Он вздрогнул и скрестил руки, а Шене тем временем начал объяснять:

– Когда я пришел в подземелье около часа ночи, трупное окоченение уже наступило на уровне затылка и жевательных мышц и начало распространяться на все тело. Зафиксированный таким образом процесс вкупе с измерением температуры тела позволяет с достаточной точностью установить время смерти. Субъект скончался вчера вечером около девятнадцати или двадцати часов.

Шарко заставил себя думать, это было необходимо. Он вспомнил небольшое опоздание Человека в черном на связь с хакером. Убрал ли он Камиль прямо перед этим? Участвовал ли в этой гнусной мизансцене?

– Он знал, – сказал Казю. – Этот подонок Человек в черном знал, что она мертва, когда общался с нами.
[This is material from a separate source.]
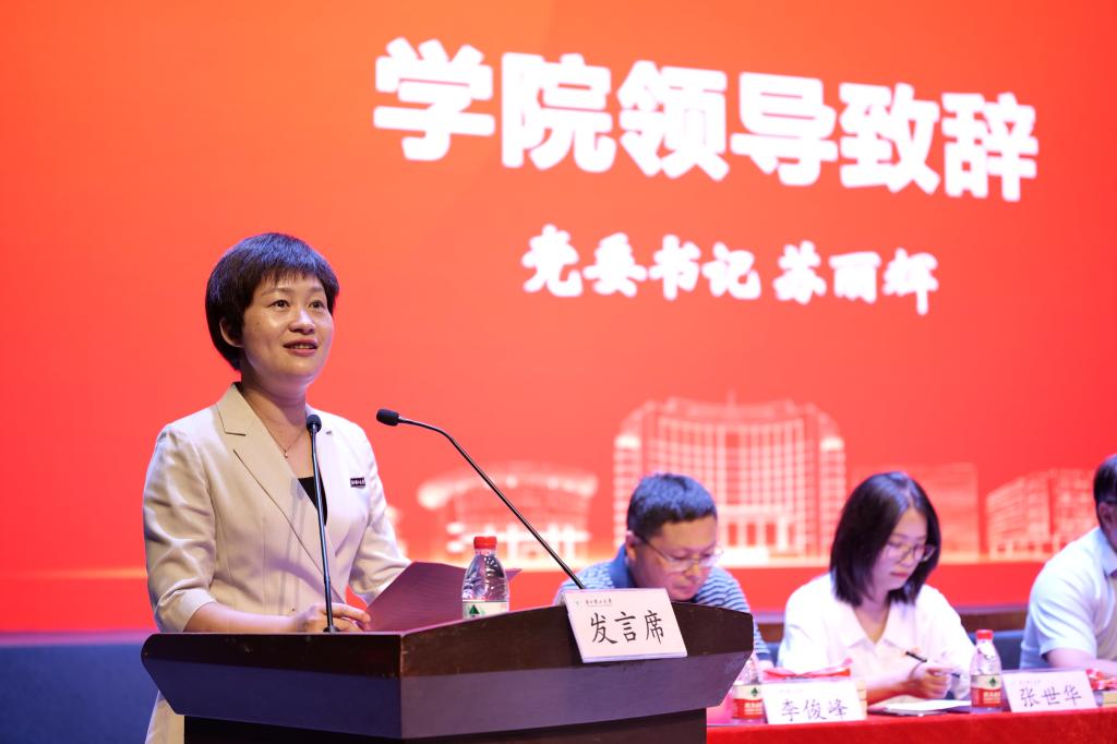 开学典礼在庄严的国歌声中拉开序幕。苏丽辉讲话,她代表学院向2024级新生表示欢迎和祝贺。希望同学们能够传承弘扬信息人的优良品格,勤于学习、勇于探索、敢于创新,甘坐冷板凳,锤炼真本领,在攻克发展新质生产力的堵点卡点上迎难而上、挺身而出,以特有的激情和活力勇立时代潮头,留下闪光的青春足迹。

– Она… умерла там? – спросил Франк.

– Да. Синюшность кожных покровов на спине совпадает с местами соприкосновения с рельсом, к которому она была привязана. Все произошло в подземелье.
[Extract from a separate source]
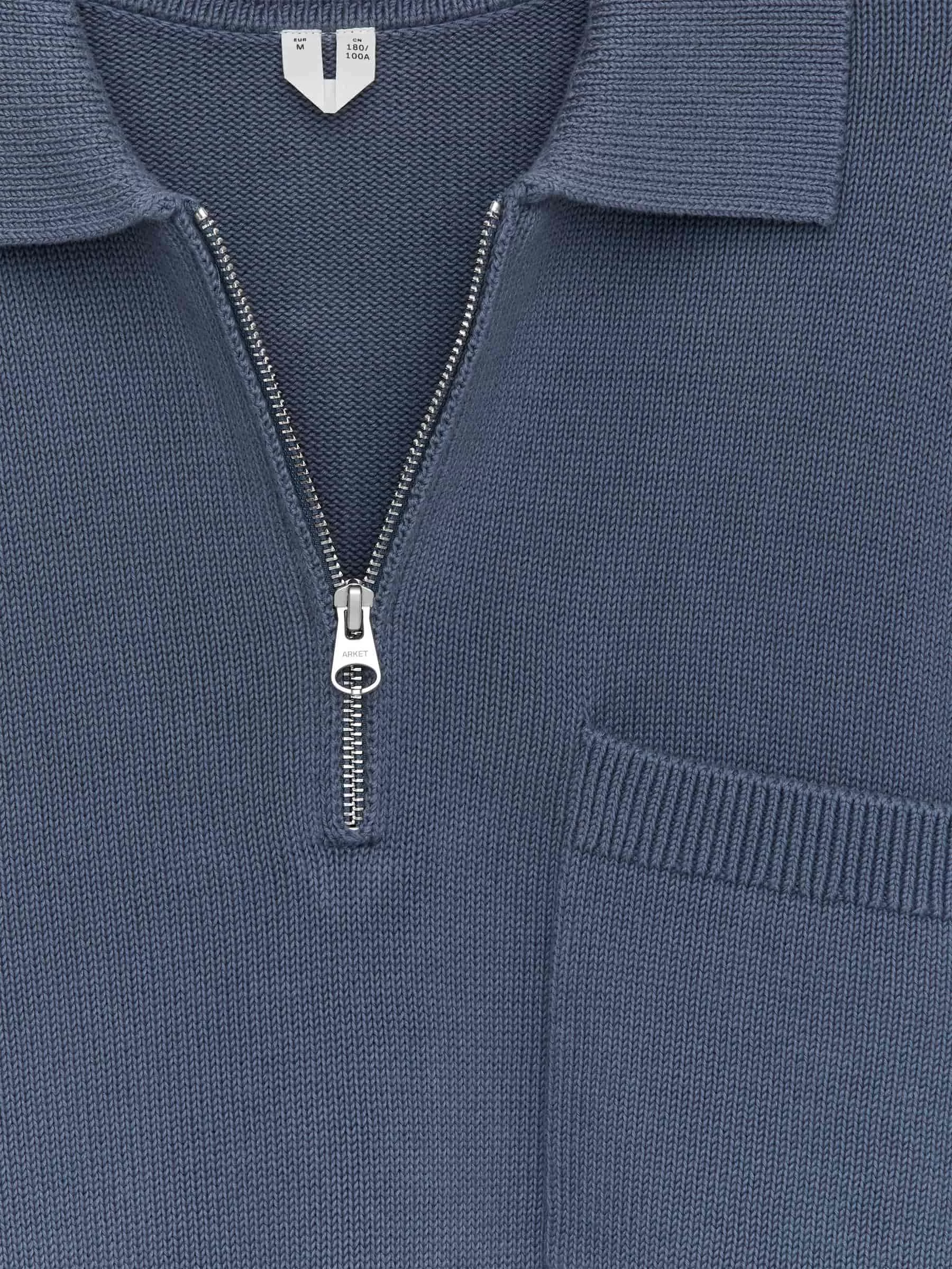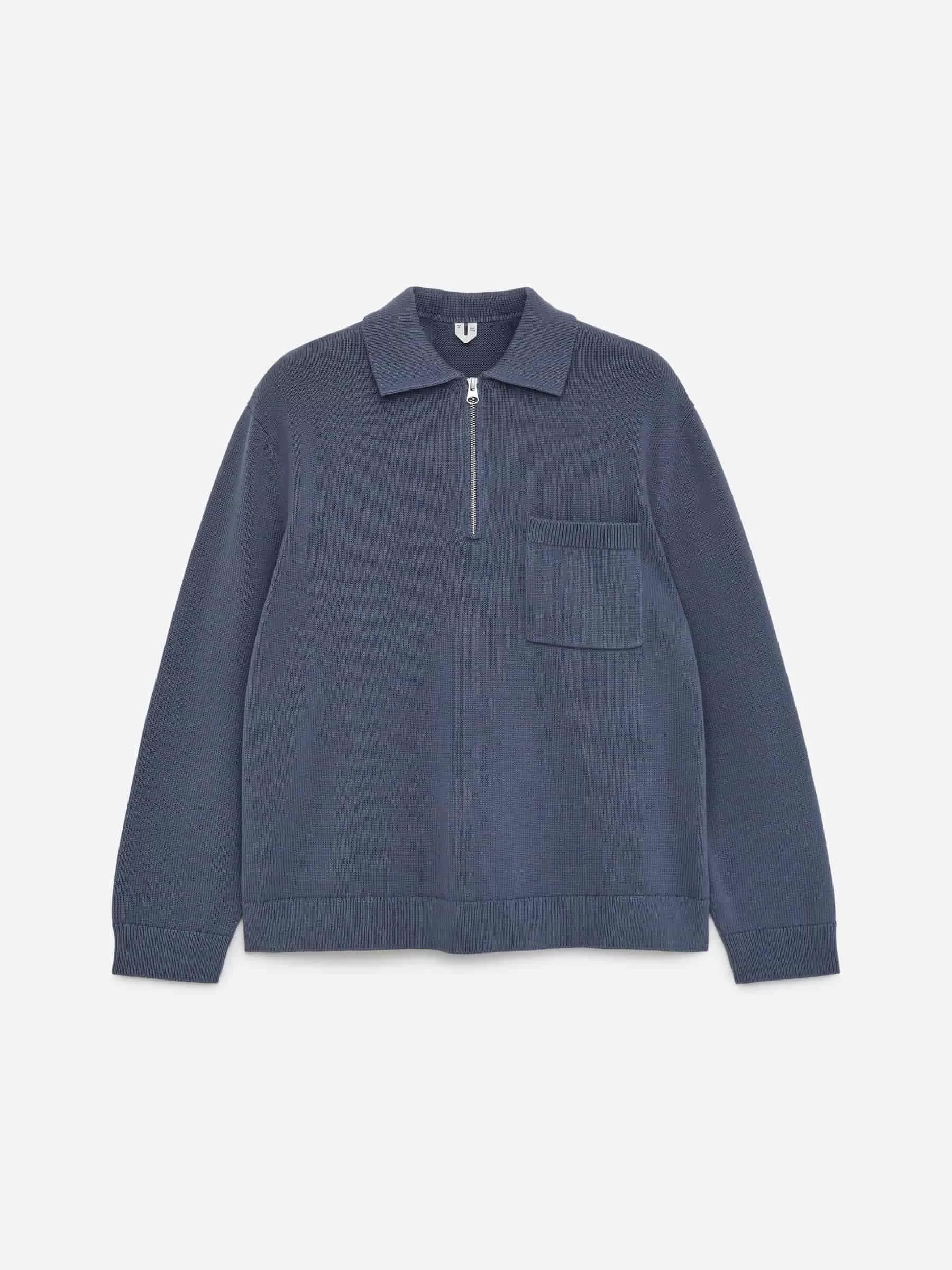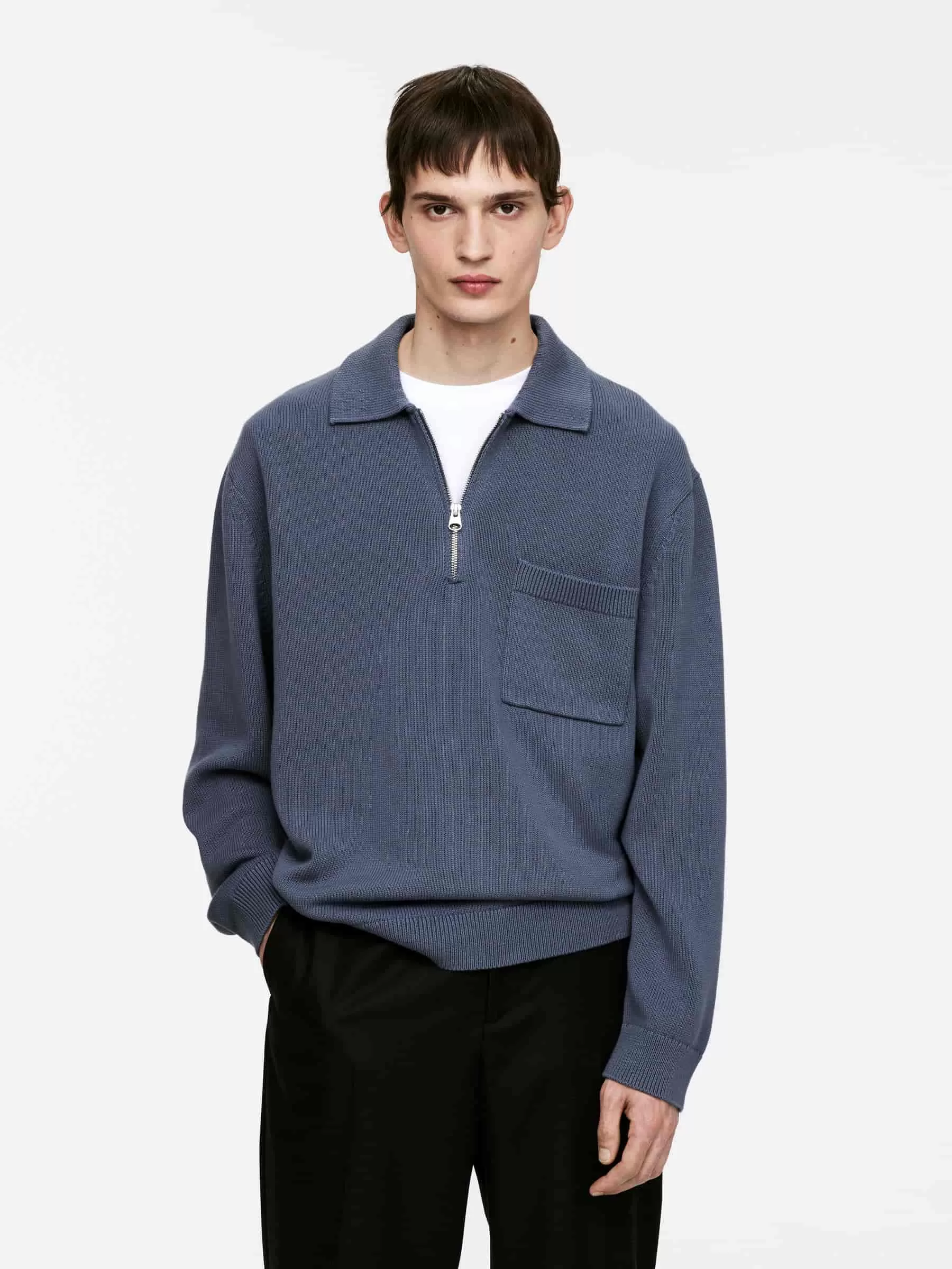 Flachgestrickter Baumwollpullover mit halbem Reißverschluss. Rippstrickkragen und eine einzelne Brusttasche. Gerippte Besätze.

Франк вспомнил кусок рельса в два метра высотой, прислоненный, как лестница, к стене в глубине зала. Запястья и лодыжки Камиль были примотаны к нему серым скотчем, им же был заклеен ее рот.

Шене показывал на разные части тела:

– Следы когтей наличествуют повсюду, но роковых повреждений на этот раз нет. Я полагаю, что он не хотел убивать ее сразу и длил пытку.
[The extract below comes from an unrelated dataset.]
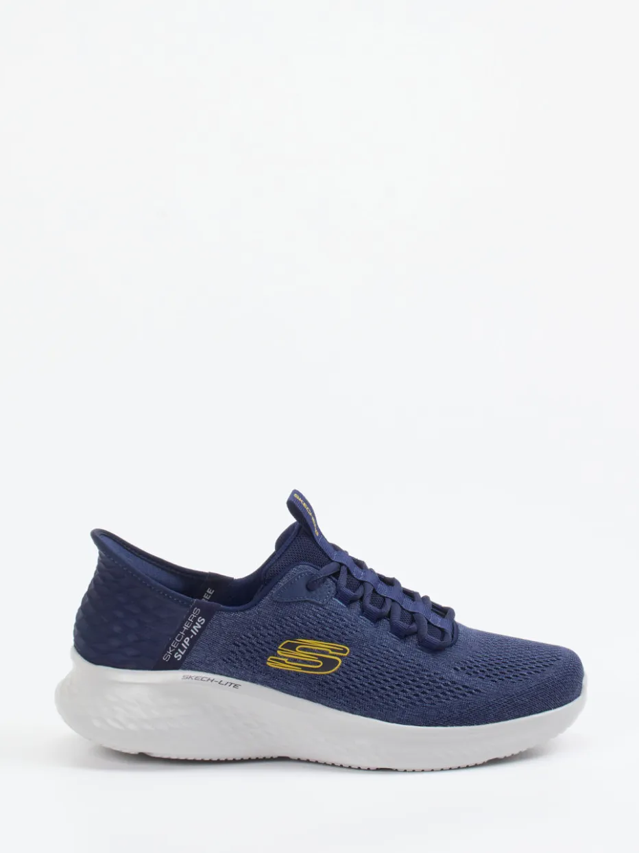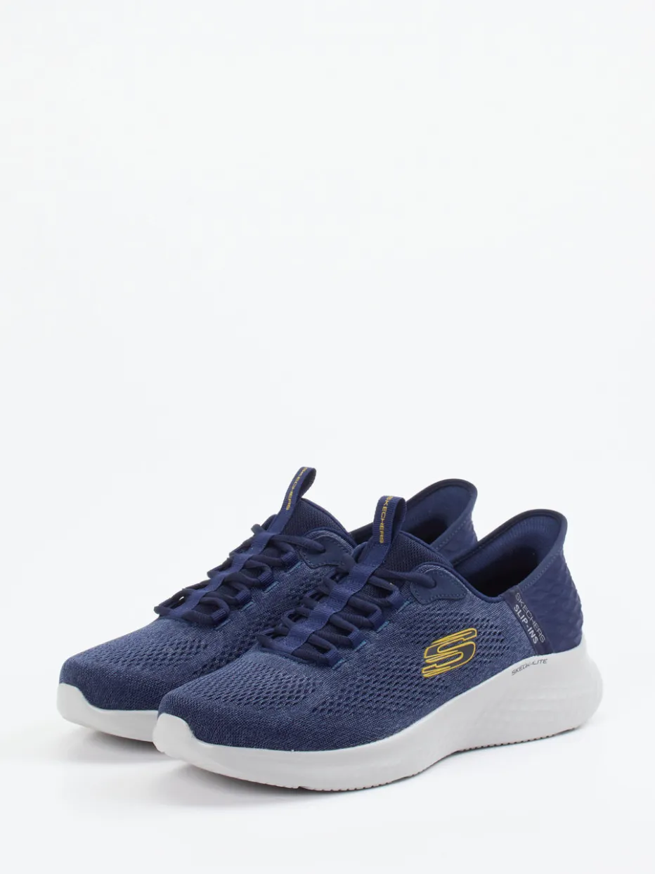 Sportiver Komfort neu interpretiert.Skechers präsentiert einen innovativen Slip-On Sneaker, der moderne Athleisure-Ästhetik mit technologischem Komfort verbindet. Ideal für Alltag und Fitness-Einheiten: Dieser navyblaue Slip-On kombiniert atmungsaktives Mesh-Textil und eine elastische Einstiegslösung mit einem Air-Cooled Memory Foam Fußbett für optimale Druckentlastung. Die sportlich-dynamische Silhouette wird durch weiß abgesetzte Gummisohle, goldfarbenes Logo-Detail und strukturierte Ton-in-Ton-Oberfläche ergänzt. Die verstärkte Ferse stabilisiert, während die griffige Sohle das natürliche Abrollen unterstützt. Durch seine Unisex-Ausrichtung und pflegeleichte Waschbarkeit trifft er den modernen Komforttrend der Saison. Skechers vereint innovativen Laufkomfort mit reduzierter Ästhetik.

Он показал куски ткани, лежавшие на краю раковины:

– Я нашел эти две тряпки у нее во рту, помимо скотча. Вряд ли кто-нибудь мог услышать ее крики в этих карьерах, но они тем не менее были осторожны. Она откусила себе язык…

Франк искал в самой глубине своей души силы слушать, впитывать безжалостные слова, описывавшие муки Камиль. Женщины, на месте которой могла бы быть Люси или жена Шене. Полной жизни, еще несколько дней назад смеявшейся, шутившей, строившей планы. Это пало на Николя, потому что он возглавлял группу, потому что помешал им совершить последние гнусности в предыдущем деле.

– Продолжай.

Шене указал на грудную клетку:

– Грудь вскрыли чисто, у них, очевидно, была грудная пила или подобный хирургический инструмент. Это хорошо видно. – Он раздвинул края плоти. – Полые вены, легочные вены, легочная артерия и аорта были аккуратно перерезаны, как при… настоящем изъятии органов. Это ближе к медицинскому акту, чем к бойне.